_The input_
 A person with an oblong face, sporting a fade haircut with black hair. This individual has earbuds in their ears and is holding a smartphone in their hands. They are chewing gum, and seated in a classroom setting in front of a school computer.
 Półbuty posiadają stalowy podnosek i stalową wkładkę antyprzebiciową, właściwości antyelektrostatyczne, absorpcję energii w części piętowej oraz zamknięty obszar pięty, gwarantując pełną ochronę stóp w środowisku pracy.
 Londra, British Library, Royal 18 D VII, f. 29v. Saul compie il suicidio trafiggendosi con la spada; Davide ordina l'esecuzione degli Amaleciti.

---

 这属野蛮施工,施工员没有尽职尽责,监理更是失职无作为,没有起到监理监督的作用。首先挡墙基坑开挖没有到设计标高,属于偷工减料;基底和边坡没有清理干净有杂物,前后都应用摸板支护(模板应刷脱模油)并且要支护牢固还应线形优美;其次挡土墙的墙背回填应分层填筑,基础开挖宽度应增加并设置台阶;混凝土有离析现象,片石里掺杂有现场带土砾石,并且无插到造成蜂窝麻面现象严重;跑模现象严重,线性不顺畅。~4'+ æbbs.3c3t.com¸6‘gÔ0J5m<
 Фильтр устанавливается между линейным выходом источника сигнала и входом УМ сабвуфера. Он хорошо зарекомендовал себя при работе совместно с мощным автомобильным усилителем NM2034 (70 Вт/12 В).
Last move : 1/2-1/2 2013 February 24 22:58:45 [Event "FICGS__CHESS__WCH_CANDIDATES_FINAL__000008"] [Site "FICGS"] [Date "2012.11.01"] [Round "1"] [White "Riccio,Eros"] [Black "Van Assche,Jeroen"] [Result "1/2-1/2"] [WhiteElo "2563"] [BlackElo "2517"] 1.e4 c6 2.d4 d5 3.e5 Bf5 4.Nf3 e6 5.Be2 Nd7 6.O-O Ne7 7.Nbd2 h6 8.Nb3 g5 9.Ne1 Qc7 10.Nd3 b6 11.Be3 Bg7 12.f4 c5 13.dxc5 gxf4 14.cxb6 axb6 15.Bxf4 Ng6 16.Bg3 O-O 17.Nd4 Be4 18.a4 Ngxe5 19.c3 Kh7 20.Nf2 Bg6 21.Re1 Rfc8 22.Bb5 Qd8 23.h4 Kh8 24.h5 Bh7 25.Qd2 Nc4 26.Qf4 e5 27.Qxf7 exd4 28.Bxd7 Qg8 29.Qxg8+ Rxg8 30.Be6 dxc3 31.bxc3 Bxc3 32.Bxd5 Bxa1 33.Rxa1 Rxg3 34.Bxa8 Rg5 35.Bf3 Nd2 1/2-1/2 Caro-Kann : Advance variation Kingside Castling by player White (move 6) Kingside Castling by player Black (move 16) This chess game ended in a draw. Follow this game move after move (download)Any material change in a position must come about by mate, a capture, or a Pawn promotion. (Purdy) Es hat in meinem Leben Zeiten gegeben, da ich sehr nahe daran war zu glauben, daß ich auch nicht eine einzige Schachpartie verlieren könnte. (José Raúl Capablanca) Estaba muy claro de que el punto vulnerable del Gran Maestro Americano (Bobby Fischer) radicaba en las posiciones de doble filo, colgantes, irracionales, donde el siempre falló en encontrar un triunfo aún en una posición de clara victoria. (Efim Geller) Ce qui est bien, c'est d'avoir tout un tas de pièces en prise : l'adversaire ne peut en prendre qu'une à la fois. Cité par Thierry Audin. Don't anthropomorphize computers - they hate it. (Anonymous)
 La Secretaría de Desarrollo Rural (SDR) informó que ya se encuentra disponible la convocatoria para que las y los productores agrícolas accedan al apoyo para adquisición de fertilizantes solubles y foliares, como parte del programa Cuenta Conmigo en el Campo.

_What to produce_
Of the lines in the data, report each one containing the string "This".

_Completed exercise_
 A person with an oblong face, sporting a fade haircut with black hair. This individual has earbuds in their ears and is holding a smartphone in their hands. They are chewing gum, and seated in a classroom setting in front of a school computer.
Last move : 1/2-1/2 2013 February 24 22:58:45 [Event "FICGS__CHESS__WCH_CANDIDATES_FINAL__000008"] [Site "FICGS"] [Date "2012.11.01"] [Round "1"] [White "Riccio,Eros"] [Black "Van Assche,Jeroen"] [Result "1/2-1/2"] [WhiteElo "2563"] [BlackElo "2517"] 1.e4 c6 2.d4 d5 3.e5 Bf5 4.Nf3 e6 5.Be2 Nd7 6.O-O Ne7 7.Nbd2 h6 8.Nb3 g5 9.Ne1 Qc7 10.Nd3 b6 11.Be3 Bg7 12.f4 c5 13.dxc5 gxf4 14.cxb6 axb6 15.Bxf4 Ng6 16.Bg3 O-O 17.Nd4 Be4 18.a4 Ngxe5 19.c3 Kh7 20.Nf2 Bg6 21.Re1 Rfc8 22.Bb5 Qd8 23.h4 Kh8 24.h5 Bh7 25.Qd2 Nc4 26.Qf4 e5 27.Qxf7 exd4 28.Bxd7 Qg8 29.Qxg8+ Rxg8 30.Be6 dxc3 31.bxc3 Bxc3 32.Bxd5 Bxa1 33.Rxa1 Rxg3 34.Bxa8 Rg5 35.Bf3 Nd2 1/2-1/2 Caro-Kann : Advance variation Kingside Castling by player White (move 6) Kingside Castling by player Black (move 16) This chess game ended in a draw. Follow this game move after move (download)Any material change in a position must come about by mate, a capture, or a Pawn promotion. (Purdy) Es hat in meinem Leben Zeiten gegeben, da ich sehr nahe daran war zu glauben, daß ich auch nicht eine einzige Schachpartie verlieren könnte. (José Raúl Capablanca) Estaba muy claro de que el punto vulnerable del Gran Maestro Americano (Bobby Fischer) radicaba en las posiciones de doble filo, colgantes, irracionales, donde el siempre falló en encontrar un triunfo aún en una posición de clara victoria. (Efim Geller) Ce qui est bien, c'est d'avoir tout un tas de pièces en prise : l'adversaire ne peut en prendre qu'une à la fois. Cité par Thierry Audin. Don't anthropomorphize computers - they hate it. (Anonymous)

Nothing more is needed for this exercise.